そして一度気付いてしまったならもう恥ずかしくて仕方ない。今すぐ帰りたい。
なので、早速その旨を同行者である武士に伝えてみた。
「なぬ、帰るだと?」
はい、すいません。なんせ死ぬほど服がダサいので。
「……しかし、まだ芋天を買ってないぞ?」
うん、それは分かってるんだ。
スーパーで月に一度売られる「芋天の日」。それをお前がすごく楽しみにしてたことも。
でもほら、見てご覧。君の保護者の緑っぷり。ここだけ大自然だから。このまま森に放り込んだら私完全に保護色キメてしまえるから。
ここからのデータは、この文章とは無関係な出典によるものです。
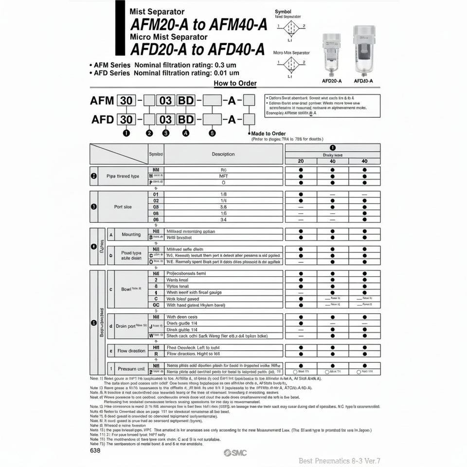 Modèle de séparateur de brouillard pneumatique SMC AFM20-01B-R-A pièces pneumatiques de haute qualité

ありえないだろ? 人として目に優しすぎる色合いだろ?
帰ろ。
「いやでござる」
だよな。
買うまでは絶対帰りたがらないよな。
ここのスーパーで一ヶ月に一度売られる出店の芋の天ぷらが、なんせめちゃくちゃに美味いのである。潰して天ぷらにしてるからかな? もうとにかく美味いの。
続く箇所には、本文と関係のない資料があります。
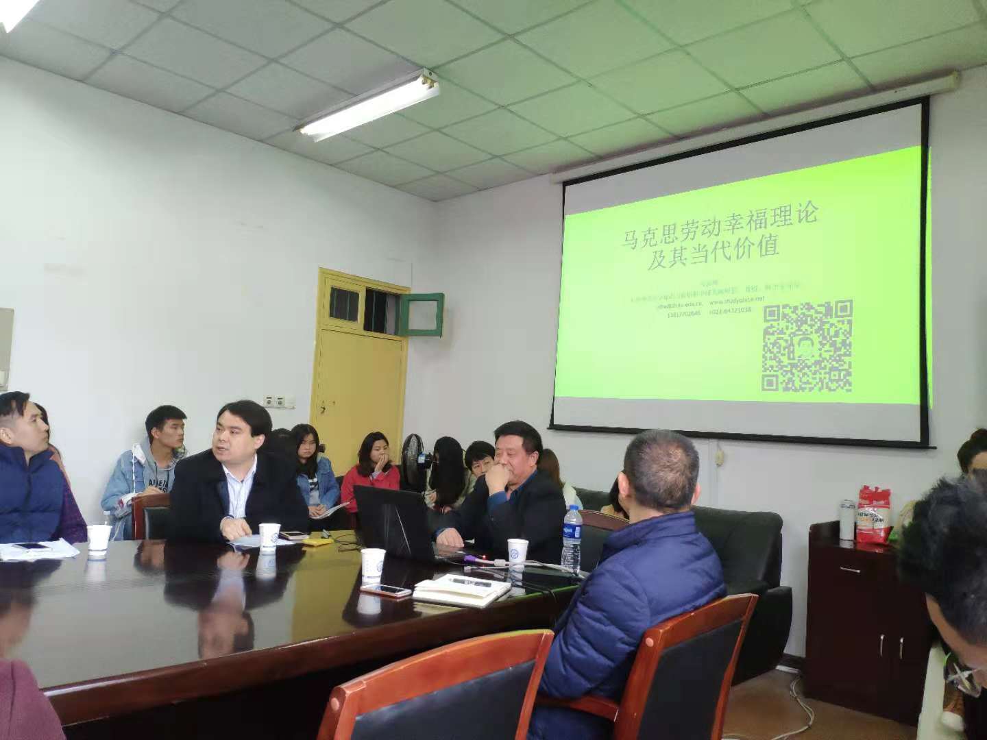 2018年11月11日上午,上海师范大学学报期刊社社长、知识与价值科学研究所所长、博士生导师何云峰教授应邀来到伟德金盆岭校区4教503会议室,为马克思主义学院的师生带来了一场题为“马克思劳动幸福理论及其当代价值”的学术讲座,学院党委易显飞书记,教授委员会主任余乃忠教授、副主任陈芬教授,部分教师与40余名研究生听取了讲座。本次讲座由易显飞教授主持。

なので、すっかり武士の好物の一つになってしまっていたのだった。
……どうか誰にも会いませんように。
しかし。こういう時に限って誰かに会ってしまうものである。
「あれ、武士さん」
よく通る声に反応し、武士が主人に名を呼ばれた犬のように顔を上げる。その目線の先には、やけに顔の整った青年。
彼は控えめな微笑と共に、こちらに頭を下げてきた。
「どうもこんにちは。武士さんも芋天目当てですか?」
「うむ! おぬしも芋天か?」
「いえ、僕は買い物だけです」
「ぬ、それは勿体ないぞ! 今日は芋天の日なのだから芋天を食べねばならぬ!」
武士は青年の腕を掴むと、こちらに連れてきた。
……え、連れてくんの? 大丈夫? お兄さん困ってない?
「大家殿! この者にも芋天をご馳走してやりたいのだが、構わんか!?」
いや、この者どなただよ。
別に芋天ぐらい全然いいけど、私は慈善事業家じゃねぇんだぞ。そんなお前の知り合いに片っ端から芋天奢ってやってたら、すぐに破産する……。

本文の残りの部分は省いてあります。